Morrisroe, by all reports, was the most out-there and diabolically ambitious of them all. “If Mark didn’t have art he would have been a serial killer,” remarked his friend Pia Howard, one of many choice quotes printed large on the wall at the entrance to the Winterthur show. Indeed, as we read in Gruber’s biographical essay, Morrisroe’s mother was a severely depressed alcoholic, and his father was absent. The artist often claimed that his father was Albert De Salvo, the Boston Strangler (who was in fact his mother’s landlord and lived nearby). As a precocious teenager who changed high schools and left home early, Morrisroe styled himself “Mark Dirt” and worked as a hustler in order to raise enough money to get his own apartment; he also found time to graduate from high school. At the age of 17, he was shot in the spine by one of hisclients; after several weeks in the hospital, he willed himself to walk again, though with a noticeable limp.

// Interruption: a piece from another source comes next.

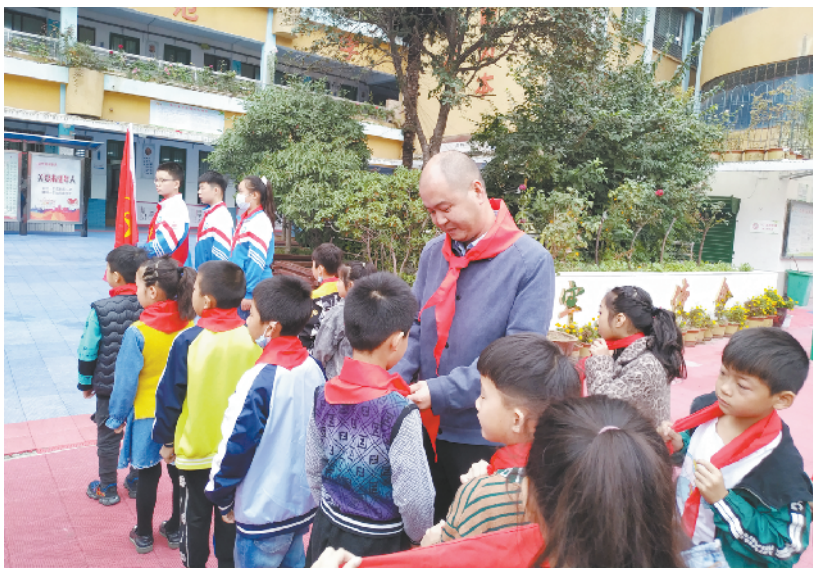
在中国少年先锋队第71个建队日到来之际,为增强学校少先队组织力量,引导广大队员继承和弘扬少先队的光荣传统,10月12日,周口市回庄小学举行了“争做新时代好队员”主题升旗暨入队仪式。仪式上,该校120名新队员如愿戴上了鲜艳的红领巾。

Morrisroe’s enterprising adolescence comes to life in the typed originals of the fanzine Dirt that he and a friend, Lynelle White, produced in 1975-76. They distributed the ’zine in Xeroxed and hand-colored editions of between 20 and 30 in Boston nightclubs. The hilarious faux-celebrity reports in Dirt show Morrisroe reveling in self-invented stardom, emulating the prevailing American masters of the genre—Andy Warhol, as well as the filmmakers Jack Smith and John Waters—all of whom were heroes for the young artist. Issues of Dirt were exhibited in vitrines at Winterthur, along with ephemera from Morrisroe’s later drag performances with Stephen Tashjian, aka Tabboo!, the most charismatic of Morrisroe’s early cohorts. Together, they appeared as the Clam Twins at clubs like the Pyramid in the East Village.
Remarkably, the Winterthur exhibition re-created Morrisroe’s first solo exhibition in 1981 at the 11th Hour in Boston, a gallery founded by Mike Carroll and Penelope Place. Here he showed relatively straightforward black-and-white prints in which the dominant influences seem to be Diane Arbus and Robert Mapplethorpe. The most shocking of them is a shot of someone in bondage, his head and body tightly wrapped in plastic and packing tape, and a single breathing tube allowed. Next to this hung a portrait of a wholesome blond boy and cute dog, like something out of “Lassie.” Notable, too, are a shot-from-below portrait of the young Nan Goldin wearing a black bra and a string of pearls, and a close-up of a dead rat, feet in the air.